# Chemistry - Does an irreversible reaction have an equilbrium between reactants and products?

## Solution 1:

The reaction you are interested in is the precipitation of barium sulfate, a relatively insoluble salt.

The reverse of this reaction is the dissolution of barium sulfate crystals. The dissolution kinetics of barium sulfate have been studied in a variety of systems over the decades. Here are a few links:

• Kornicker et al. 1991 reported that barium sulfate dissolution into water reached equilibrium in less than 30 minutes at 25 °C and took about 5 minutes at 60 °C. They also presented a rate law for $$\ce{BaSO4}$$ dissolution of $$r=k A (C_{eq} - C)^2$$, where $$A$$ is the specific area of the barium sulfate crystals, $$C_{eq}$$ is the equilibrium concentration of barium sulfate, and $$C$$ the instantaneous concentration of dissolved barium sulfate. This rate law had been used historically (see refs.) but these authors advocate instead for a first-order rate law.

• Dove and Czank 1995 also disagreed with second-order rate law of Kornicker et al. and proposed a first-order reaction for $$\ce{BaSO4}$$, i.e. $$r = k A (C_{eq} - C)$$.

I couldn't find any references for barite solubility in sodium chloride solution, but I think it is safe to say that the solubility is finite. Probably the kinetics of dissolution would not be more than an order of magnitude different than in pure water.

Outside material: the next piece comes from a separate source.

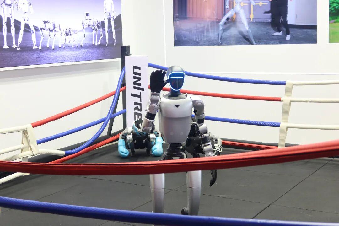 宇树机器人站在擂台上,向全世界媒体挥手致意

Since this dissolution is the reverse of the precipitation reaction you are interested in, and since the literature is clear that dissolution happens at non-zero rates, then both "reverse" reaction and forward reaction must be happening in your system. That sounds like the definition of a dynamic equilibrium to me.

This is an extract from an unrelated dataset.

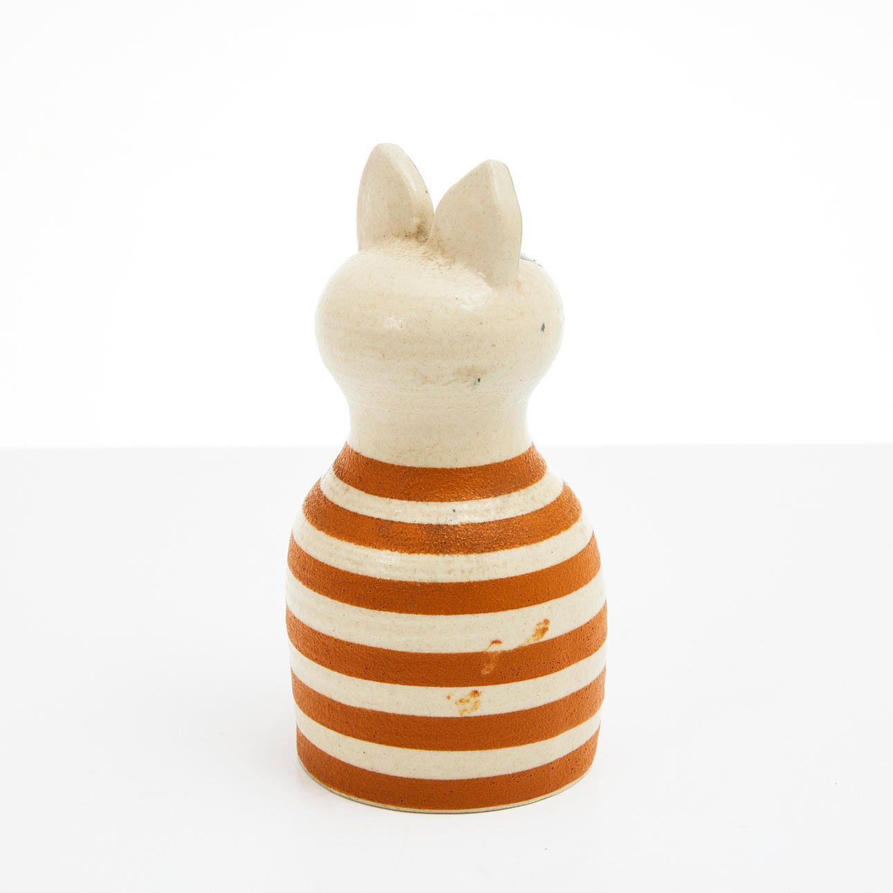 Glaserat stengods, i form av katt, signerad, höjd ca 17 cm.

Note the appearance of $$A$$ in the equations. The surface area of barium sulfate solid involved in the equilibrium determines the kinetics. Usually we assume that the affect of $$A$$ is the same for dissolution and precipitation kinetics, so that the effects cancel out. This is why we say that the activity of a solid phase is 1 and does not vary. However, the effects of $$A$$ do not always cancel out. The solubility of nanoparticles of $$\ce{BaSO4}$$ is probably higher than the solubility of bulk $$\ce{SO4}$$ for this reason.

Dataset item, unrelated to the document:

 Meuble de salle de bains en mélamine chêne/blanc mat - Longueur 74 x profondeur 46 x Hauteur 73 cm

Experimentally, one could probe the dynamics of the equilibrium by mixing $$\ce{^131BaSO4(s)}$$, i.e. radiolabeled barium sulfate, with a saturated solution of $$\ce{^138BaSO4(aq)}$$. This could be done even in a sodium chloride solution. At regular time intervals, samples of the solution would be taken, which could be filtered to remove any traces of solid particulates, and the levels of the radiotracer that had entered solution could be measured.

I don't know, quantitatively, what the outcome of the experiment would be, especially in sodium chloride solution. But I am 100% confident that at some time scale, probably within tens of minutes, radioactivity would appear in the liquid solution. That indicates that there is an equilibrium.

The relevant equilibrium constant in this case is the $$K_{sp}$$ for barium sulfate, as was alluded to in both your question and in the comments.

## Solution 2:

To continue with this question but in a more general way after a comment on the particular reaction in question.

The case of $\ce{BaSO4}$ has been chosen carefully to argue a particular point, but it seems to me that there are two equilibria involved, the first is chemical $\ce{Ba^{2+} + SO_4^{2-} <=> BaSO4_{aq}}$ the second involves no chemical reaction but is between equilibrium of $\ce{BaSO4_{aq}}$ and its solid. Because of the huge insolubility the reaction appears to be irreversible as the product is effectively removed from solution which drives the reaction very much towards products. If the reaction were to be studied in another polar solvent, one might try acetonitrile or dichloromethane for example, where insolubility is probably far less, then perhaps the true equilibrium $\ce{Ba^{2+} + SO_4^{2-} <=> BaSO4}$ would be measured.

Technically, all reactions are reversible since thermodynamics does not impose an energy difference or time-scale limit on an equilibrium, and assumes that reactants & products are not artificially separated from one another.
One might consider that an irreversible reaction is one in which after some time no appreciable concentration of reactants are left, but this assumes that the forward reaction is rapid enough to occur on what ever time-scale we set ourselves. Thus a better way is to know the reaction’s free energy and then, as this becomes the minimum size of the reverse reaction’s activation barrier, subjectively estimate whether the reaction is going to be sufficiently exothermic to make it ‘irreversible’. As only order of magnitudes of rate constants are required, this can be reasonably be done from a simple Arrhenius type equation. A reaction with a first order rate constant of 1/sec might be considered to be irreversible in some cases, but 1/year in others. Geochemists who study rock formation may perhaps consider these reactions as being very fast.

At the molecular level a reaction occurs because there is always a chance that, by random collisions with the surrounding solvent molecules (or other molecules in a gas or vapour), enough energy is imparted to the reactant molecules to overtop the activation barrier and transform them to products, and similarly for products returning to reactants. As the probability of reacting decreases exponentially with energy (Boltzmann distribution) this probability soon becomes vanishingly small with an increase in energy and hence for practical purposes a reaction may, in practice, be considered to be ‘irreversible’ or similarly products ‘un-reactive’ even though there is still technically equilibrium between reactants and products.